Friday, 29 June 2012

LOVE GOES TO PRESS

28/6/12, Mint Theater, NYC


A 1946 play about women war correspondents written by two women war correspondents, Martha Gellhorn and Virginia Cowles, involving lots of sub-Hecht and MacArthur wisecracking and some execrable English accents.  A
fascinating period piece.



Set in a temporary press camp a few miles behind the front line in Italy, where the British are running the show for a largely American contingent of hacks who seem intent principally on stealing one another's stories, it reminded me of Flare Path, but without the luminous, transformative performance of Sheridan Smith.  Indeed, though perfectly competently done, for me it never quite took off.


In many respects it was of its time: three act structure, slow to start, elements of farce, stock characters (ditzy British ENSA chanteuse; hard-bitten mid-Western hacks; stuffed shirt British officer), slightly cavalier attitude to realism (we're told several times that it's bitterly cold, and some of the jokes turn on the fact, but then people wander round quite happily in shirt sleeves and there seems to be a constantly open door to the outside world at the back of the set), allusions to some of the problems war correspondents have always faced (notably military censorship).
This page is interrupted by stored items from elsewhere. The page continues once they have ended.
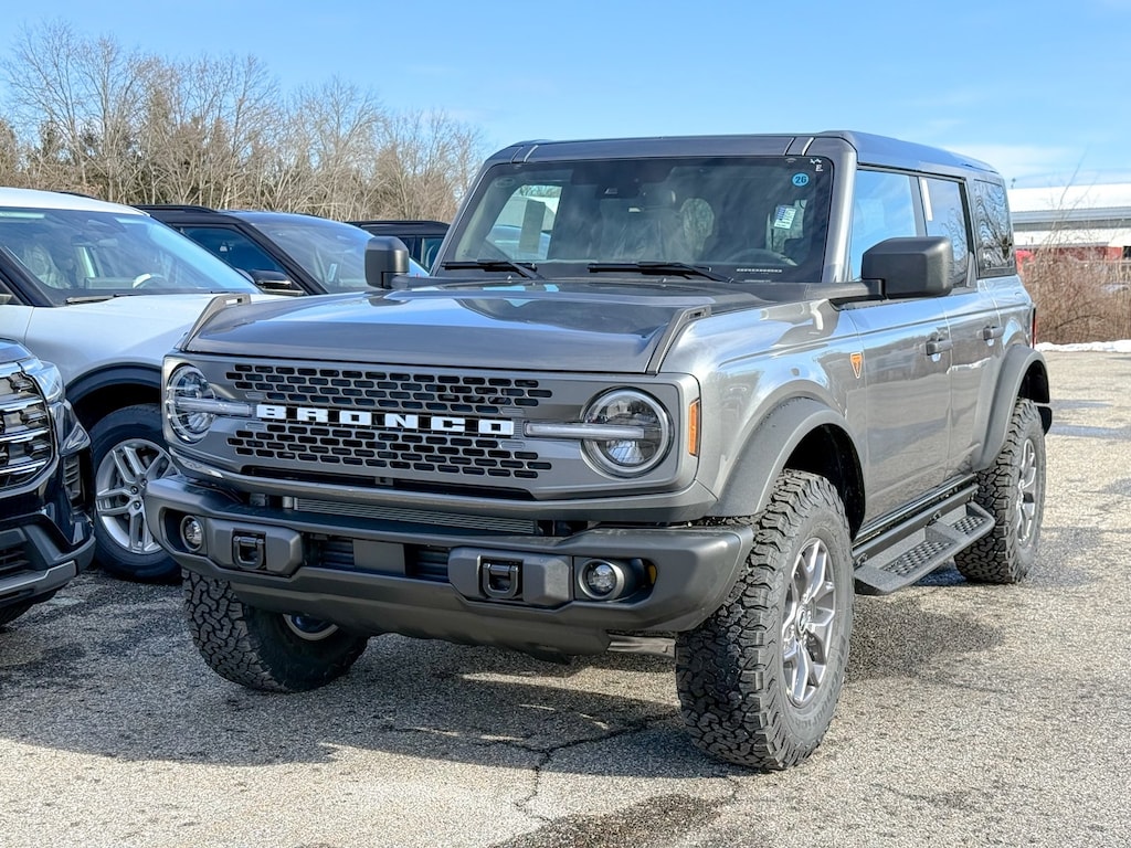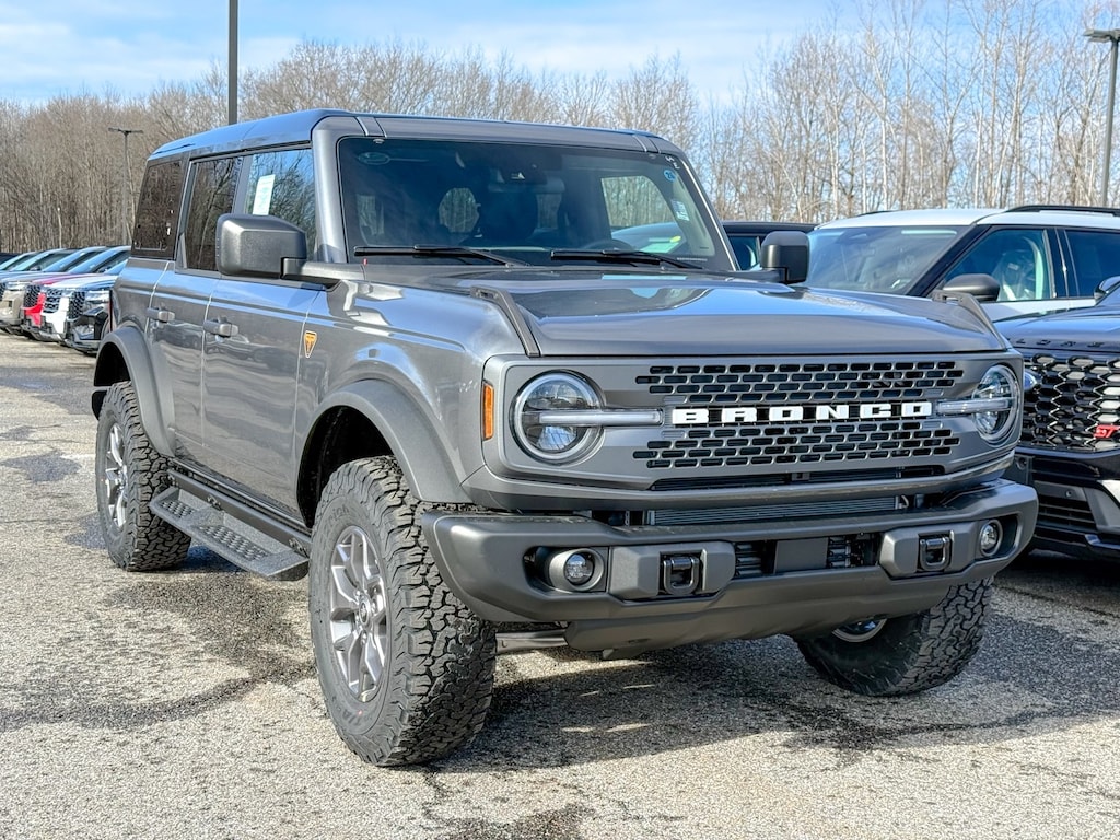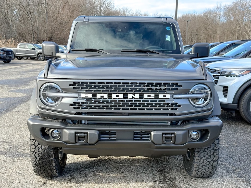 Carbonized Gray Metallic 2025 Ford Bronco Badlands 4WD 10-Speed Automatic 2.7L EcoBoost V6 Dealer Detailed, Oil Change, Dealer Inspected, 2-Door Intelligent Access w/Lock/Unlock, 4-Wheel Disc Brakes, 4.7 Axle Ratio, 7 Speakers, ABS brakes, Air Conditioning, Alloy wheels, AM/FM radio: SiriusXM with 360L, AM/FM Stereo, Ambient Footwell Lighting, Auto High-Beam Headlamps, Auto High-beam Headlights, Auto-dimming Rear-View mirror, BLIS Blind Spot Information System, Brake assist, Compass, Connected Navigation, Delay-off headlights, Door Storage Bags, Dr & Pass Illuminated Sliding Visor Vanity Mirrors, Driver door bin, Driver vanity mirror, Dual front impact airbags, Dual front side impact airbags, Dual Smart Charging USB Ports, Dual-Zone Electronic Automatic Temperature Control, Electronic Stability Control, Emergency communication system: 911 Assist, Equipment Group 332A Mid Package, Exterior Parking Camera Rear, Front anti-roll bar, Front Bucket Seats, Front Center Armrest, Front fog lights, Front License Plate Bracket, Front reading lights, Front Row Heated Seats, Front wheel independent suspension, Fully automatic headlights, Hard Top Sound Deadening Headliner, Heated door mirrors, Heated front seats, Heated steering wheel, Illuminated entry, Integrated roll-over protection, Internet access capable: FordPass Connect, Lane-Keeping System, Leather Shift Knob, Leather-Trimmed/Vinyl Bucket Seats, Low tire pressure warning, Marine Grade Vinyl Heated Bucket Seats, Occupant sensing airbag, Outside temperature display, Overhead airbag, Overhead console, Panic alarm, Passenger door bin, Passenger vanity mirror, Power door mirrors, Power Outlet - Back Side of Center Floor Console, Power steering, Power windows, Pre-Collision Assist w/Automatic Emergency Braking, Radio data system, Raptor-Style Running Board, Rear Parking Sensors, Rear-View Camera, Rear-Window Defroster & Washer, Remote keyless entry, Security system, Shadow Black Painted Hard Top, SiriusXM w/360L, Speed control, Split folding rear seat, Steering wheel mounted audio controls, SYNC 4, Tachometer, Telescoping steering wheel, Tilt steering wheel, Traction control, Trip computer, Variably intermittent wipers, Voltmeter, Wheels: 17" Carbonized Gray-Painted Aluminum.
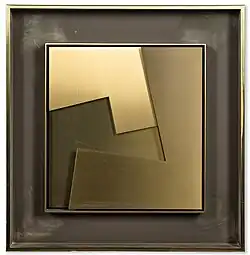 Edlich used paper in his early collages and both golden-hued Muntz metal and white Everdur Silicon Bronze in his reliefs.[11] An early reviewer noted that the reliefs had "straight-edge severity ameliorated by the color and sheen of the metals, changing according to the light."[11]
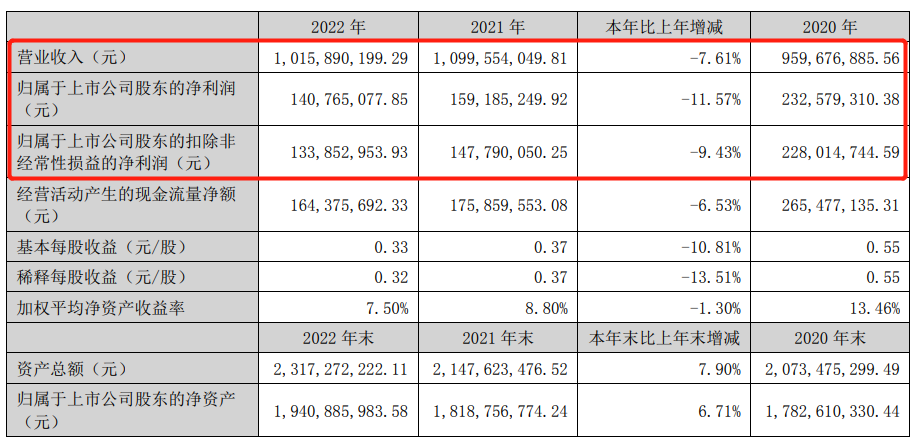 年報(bào)中指出,2022年全年,高盟新材實(shí)現(xiàn)營業(yè)收入10.16億元,與上年相比減少8366.39萬元,降幅為7.61%;實(shí)現(xiàn)營業(yè)利潤1.61億元,與上年相比減少1880.74萬元,降幅為10.47%;實(shí)現(xiàn)歸屬上市公司股東的凈利潤1.41億元,與上年相比減少1842.02萬元,降幅為11.57%。
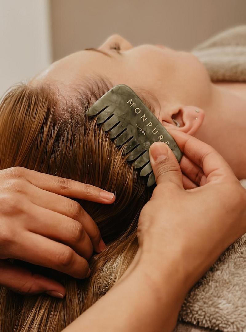Rejuvenate with a 45-minute nutrient-rich head massage using smooth jade stones. This treatment stimulates the scalp, eases muscle tension, and promotes the emergence of stronger, healthier hair.

But the modern journalistic trade's fascination with the ethics of the whole business was largely missing, probably because in the immediate wake of WW2 everyone still had a pretty black and white view of the war and everything connected with it.


It was also highly autobiographical.  The unscrupulous but charismatic correspondent to whom one of the correspondents was briefly married, and under whose spell she once again falls when they meet up again, who stole all her scoops on the pretence that he was protecting her from danger, is Ernest Hemingway, to whom Gellhorn was for a time married.  The uptight Yorkshire squire and major given the thankless task of acting as PR to the correspondents is Aidan Crawley, the upper middle class Brit who helped found ITN and who Cowles married.


A lot of the comedy turned on the assumption on the part of the special men in their lives that both the women needed protecting not only from the risks of their chosen profession but from any kind of adventure or paid work, and should really be at home knitting socks. Satirising such attitudes seems unexceptionable now, but thinking back to the general state of society in the 1940s I imagine the women in the audience nodding inwardly, but biting their tongues as their menfolk laughed heartily at the absurdity of women riding jeeps to war.

We were about the only people in the theatre who didn't belong either to a huge gang of teenage girls (they
loved it, especially the comic Yorkshire servant with a Midlands accent -- not that they'd have known that -- and the love scenes, which they found hilarious) or to the party celebrating the wedding of what we took to be one of the theatre's trustees, who was sitting with his new husband in the front row. the pair of them looking dapper in matching dark suits and white button-holes (don't know what they thought of the love scenes).



One of the leading ladies was a substitute: the wonderfully named Heidi Armbruster was presumably indisposed.  She seemed a pretty adequate substitute.